Oleh Dr. Sri Suyanta (Dosen Fakultas Tarbiyah dan Keguruan UIN Ar-Raniry)
Muhasabah 30 Muharam 1440
Saudaraku, pasangan asmaul husnaNya Allah al-Muqaddim yang telah diulangkaji sebelumnya, adalah al-Muakhir. Di samping yang maha mendahulukan, Allah juga yang maha mengakhirkan. Inilah di antara kemahamutlakan perbuatan Allah atas segala yang ada, termasuk manusia dan hamba-hambaNya. Hanyasaja kita layak memahami apa dan siapa yang didahulukan, kemudian apa dan siapa yang diakhirkan, dan mengapa?. Di sinilah pentingnya kita mengulangkaji keberkahan mensyukuri al-Muakhir setelah sebelumnya mensyukuri al-Muqaddim.
Saudaraku, sebagaimana telah disampaikan bahwa dalam mengarungi hidup dan kehidupan ini, kita mesti bijak bersikap. Ada banyak hal yang harus diprioritaskan sehingga didahulukan dan lainnya diakhirkan. Nah ibrah Al-Muqaddim adalah agar kita mendahulukan (ridha) Allah daripada selainnya. Menomorsatukan Allah daripada harta, tahta, dan wanita/pria/keluarga/sanak saudara. Dengan mendahulukan dan menomorsatukan Allah, maka Allah menyambut dengan mendahulukan (menjawab doa-doa) kita dan tidak diakhirkan. Dan yang diakhirkan hanyalah orang-orang yang mengakhirkan Allah dalam kehidupannya, apalagi orang-orang yang melalaikan dan mendustakanNya.
Oleh karena itu, agar tetap bijak bertindak dan doa kita juga didahulukan oleh Allah swt dan tidak diakhirkan okeh Allah maka diingatkan kembali pentingnya mensyukuri al-Muakhir.
Al-Muakhir secara umum dipahami bahwa Allah adalah zat yang maha mengakhirkan apa dan siapa saja yang dikehendakiNya. Siapa saja yang dikehendakiNya ini tentu merupakan respon atas keteledoran manusia yang telah menempatkan Allah di akhir prioritas hidupnya. Karena manusia mengakhirkan Allah, maka Allah pun nengakhirkan dirinya dari rahmatNya. Karena manusia melupakan Allah, maka Allah pun melupakannya. Karena manusia menjauhi Allah, maka Allah pun jauh darinya dan seterusnya.
Allah mengingatkan dalam firmanNya yang artinya, Hai orang-orang yang beriman, bertakwalah kepada Allah dan hendaklah setiap diri memperhatikan apa yang telah diperbuatnya untuk hari esok (akhirat); dan bertakwalah kepada Allah, sesungguhnya Allah Maha Mengetahui apa yang kamu kerjakan. Dan janganlah kamu seperti orang-orang yang lupa kepada Allah, lalu Allah menjadikan mereka lupa kepada mereka sendiri. Mereka itulah orang-orang yang fasik.” (QS. Al-Hasyr: 18-19).
Tentang kemahamutlakan mendahulukan dan mengakhirkan, Allah berfirman yang artinya, tiap-tiap umat memunyai batas waktu, maka apabila telah datang waktunya, mereka tidak dapat mengundurkannya barang sesaat pun dan tidak dapat (pula) memajukannya.” (Qs. al-A’râf: 34).

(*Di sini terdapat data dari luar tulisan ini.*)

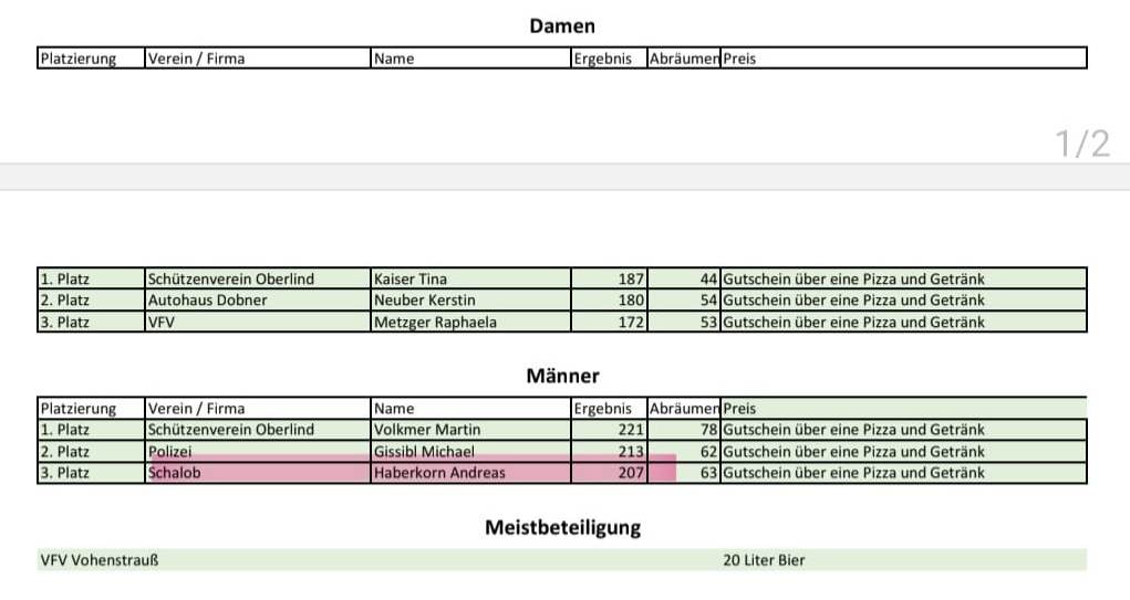 Mit einem Abstand von nur 4 Holz zum zweitplatzierten Team ("Tina und die drei Schönen" vom Schützenverein Oberlind) holte sich die Mannschaft von Schalob 1 den Sieg (=> Siegerurkunde). Platz 3 ging an die Polizeiinspektion 1 aus Vohenstrauß (=> Auszug aus Ergebnisliste). Unter den besten Einzelergebnissen schaffte es Andy Haberkorn vom Team Schalob 1 auf einen überragenden dritten Platz. Bei der Siegerehrung, die im Rahmen des Keglerfestes beim "TriffNix" am Feiertag Maria Himmelfahrt über die Bühne ging, nahm Vergnügunsgwart Reinhold Biller die Siegerurkunde und den Gutschein für die Sachpreise (3 Kasten Bier und eine große Pfanne Leberkäse) in Empfang.
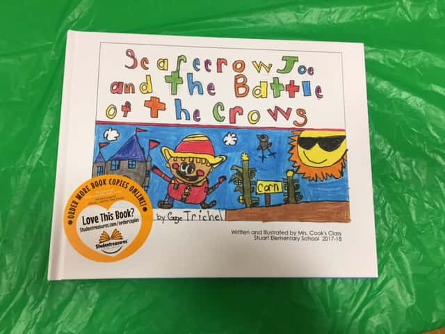 Each year the students write and illustrate a picture book based on the themes and lessons they learned to enhance their reading and writing skills. Lori Cook’s class unveiled their book, “Scarecrow Joe and the Battle of the Crow,” in dramatic fashion with a drum-roll and wand-waving. Then each student read sections of the whole book aloud in front of the audience. They also presented one book each to school custodian Becky Huddleson, and the Stuart and Menlo public libraries. The ceremony concluded with the traditional autographs by the young authors.
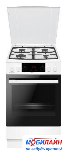 газовая панель + электрический духовой шкаф, поверхность: закаленное стекло, энергопотребление B, управление механическое, таймер механический, размеры (ШхГхВ): 60x60x85 см, цвет белый
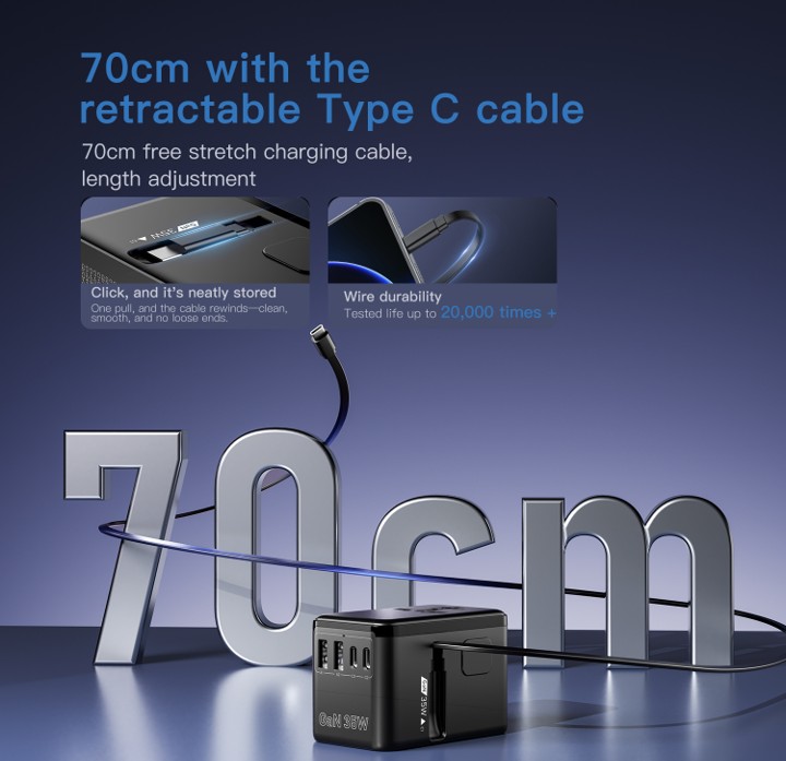 35W GaN Fast Charging – Equipped with GaN III technology for efficient, low-heat, and high-speed power delivery across 3 Type-C + 2 USB-A ports.🧳 Built-in 70cm Retractable Type-C Cable – Smooth, tangle-free cable with 20,000+ pull lifespan, perfect for travel efficiency.

Ayat lain Allah berfirman yang artinya. Sesungguhnya ketetapan Allah apabila telah datang tidak dapat ditangguhkan, kalau kamu mengetahui.” (Qs. Nûh: 4).
Oleh karenanya, sebagai orang beriman, sudah selayaknya kita mengembangkan sikap mensyukuri al-Muakhir baik dengan hati, lisan maupun petbuatan nyata.

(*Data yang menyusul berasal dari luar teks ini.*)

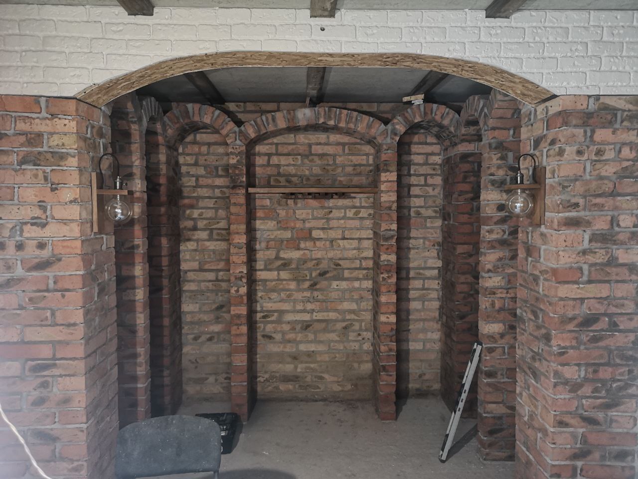 Когда была закончена половина кирпичной кладки мне пришлось остановить ребят, так как, первое: банально кончились деньги, второе: мне показалось что таким количеством колонн я съедаю очень много пространства. Лучше будет заменить две колонны (слева и справа от входа) на деревянные серванты и ещё что то.
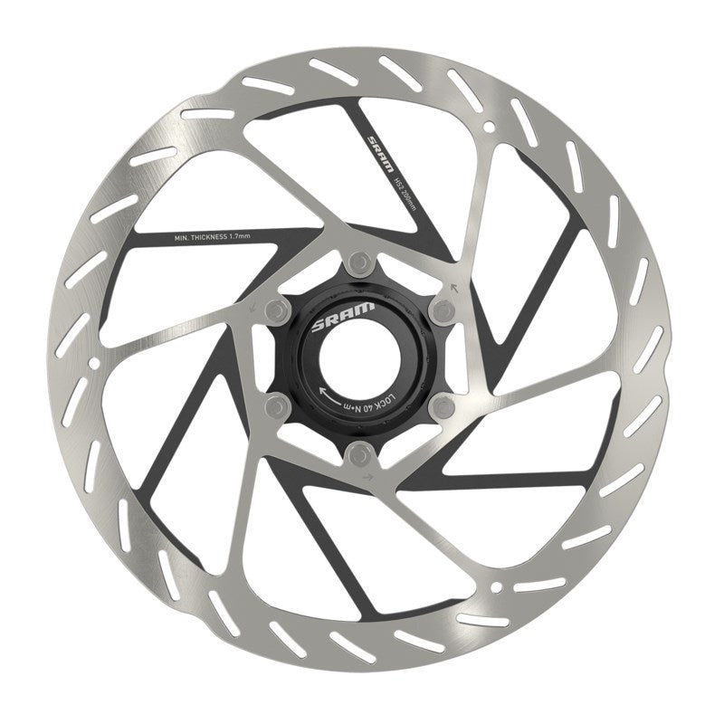 SRAM Rotor HS2 160mm Center Lock Rounded (includes external tooled lockring)The all new HS2 Rotor is a mountain bike specific rotor designed to improve brake performance while reducing noise and increasing heat dissipation. Featuring a new brake track pattern for increased pad traction and recessed spokes with thermal dissipating paint, the HS2 is a more powerful, quieter rotor with best-in-class heat management.Thicker 2.00mm rotor
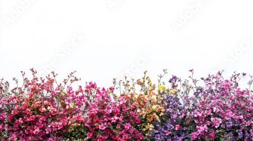 Bush or shrub wall in full bloom, filled with bright, vivid flowers isolated on white background

Pertama, mensyukuri al-Muakhir di hati dengan meyakini bahwa Allah di samping mendahulukan hamba-hambaNya yang mendahulukan Allah dalam kehidupannya, Allah juga mengakhirkan sesiapapun yang mengakhirkanNya dalam kehidupannya.
Kedua, mensyukuri al-Muakhir secara lisan dengan mengucapkan alhamdulillahirabbil ‘alamin dan memuji dengan asmaNya. Dengan memuji al-Muakhir semoga kita tidak diakhirkan, apalagi dilupakan oleh Allah.
Ketiga, mensyukuri al-Muakhir dengan perbuatan nyata, di antaranya dengan mengakhirkan segala yang dapat menghalangi kita dari mengingat Allah. Dengan mengakhirkan segala hal (harta, tahta, dan wanita/pria/keluarga) yang dapat menghalangi dari mengingat Allah, maka kita dapat mendahulukan, memprioritaskan, menomorsatukan Allah dalam kehidupan kita.